First up, the latest version, Go 1.11, was released just prior to the conference, which saw “many changes and improvements to the toolchain, runtime, and libraries, but two features stand out as being especially exciting: modules and WebAssembly support.”
As we discussed last week, this latest version “adds preliminary support for a new concept called “modules,” which is still “considered experimental” and is the renamed version of the aforementioned and somewhat controversial vgo. Go 1.11 also adds an experimental port to WebAssembly, which “allows programmers to compile Go programs to a binary format compatible with four major web browsers.” Surely you’ve read all about version 1.11 by now, though. But if you haven’t, there are always the release notes, as well as a feature round-up in both JAXEnter and InfoWorld that do well to sum things up.
Of course, the big highlight of Gophercon may have been the “sneak peek at preliminary drafts of possible designs for changes to error handling and generics,” which you can watch Go project lead Russ Cox discuss here:
Tech blog PacktHub provides a quick read on Go 2.0, noting that Cox doesn’t seem convinced on the need for generics quite yet. In the above video, Cox says “I’ve been examining generics recently, but I don’t have in my mind a clear picture of the detailed, concrete problems that Go users need generics to solve. As a result, I can’t answer a design question like whether to support generic methods.” Cox also discusses the process for adopting new features, commenting that Go 2.0 is currently in the “identify and explain a problem” phase, which comes necessarily before proposing and discussing solutions. (Does this feel like a “don’t get too irate about anything yet, please?” to anyone else?)

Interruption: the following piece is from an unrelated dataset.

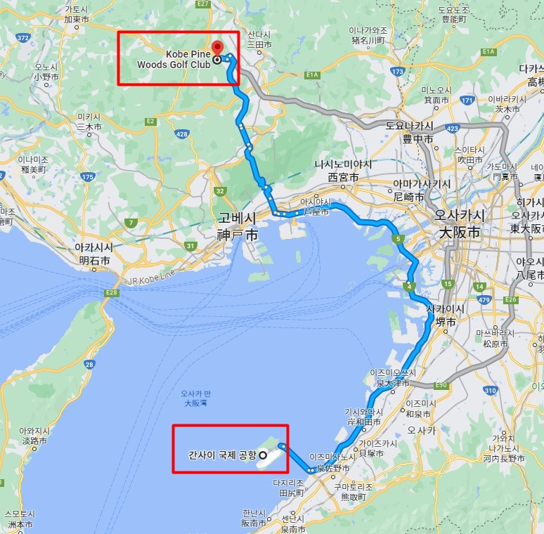 공항 기준간사이 국제 공항에서 차로 약 1시간 22분 |

Surely, we could talk about Go 2.0 at length, but there’s more to note before moving on to the rest of the news for the week! Microsoft also joined the Golang news cycle this week with its own announcement of Project Athens and GopherSource, which it says “represent an important milestone in the work that Microsoft has been doing to enable Go developers to build and run better apps and services, with support for Go in tools like Visual Studio Code and Visual Studio Team Services, as well as on our Azure cloud platform.” The open source Project Athens works to create the first proxy server for Go modules, while GopherSource is a community space for “giving feedback and reviews to Go, making official Go proposals and implementing them, fostering a better Go community, and contributing to open source,” according to JAXEnter. And just in case you missed out…
This Week in Programming
- GitHub Introduces a Well-Meaning, but Possibly Poorly Named “Project Paper Cuts”: I don’t know about you, but when I think of paper cuts, I cringe. Well, that’s the name of GitHub’s latest endeavor, Project Paper Cuts, which purports to address “the usability nitpicks that bother you daily but might not be a part of our bigger product initiatives.” I get it. Paper cuts are small. These problems are small. But the saying “death by a thousand cuts” (or paper cuts, if you prefer) refers, usually, to the “failure that occurs as a result of many small problems.” Oh well, I guess we’re flipping this one on its head and talking about applying some liquid bandaid to these paper cuts? Yeah, let’s go with that. So anyways, Project Paper Cuts “is dedicated to working directly with the community to fix small to medium-sized workflow problems, iterate on UI/UX, and find other ways to make the quick improvements that matter most” by listening more carefully and “looking at the wider GitHub community’s creation of self-organized “feature request” repositories and browser extensions, as well as actively asking for feedback.” My own issues with the name aside, this sounds like a great step forward.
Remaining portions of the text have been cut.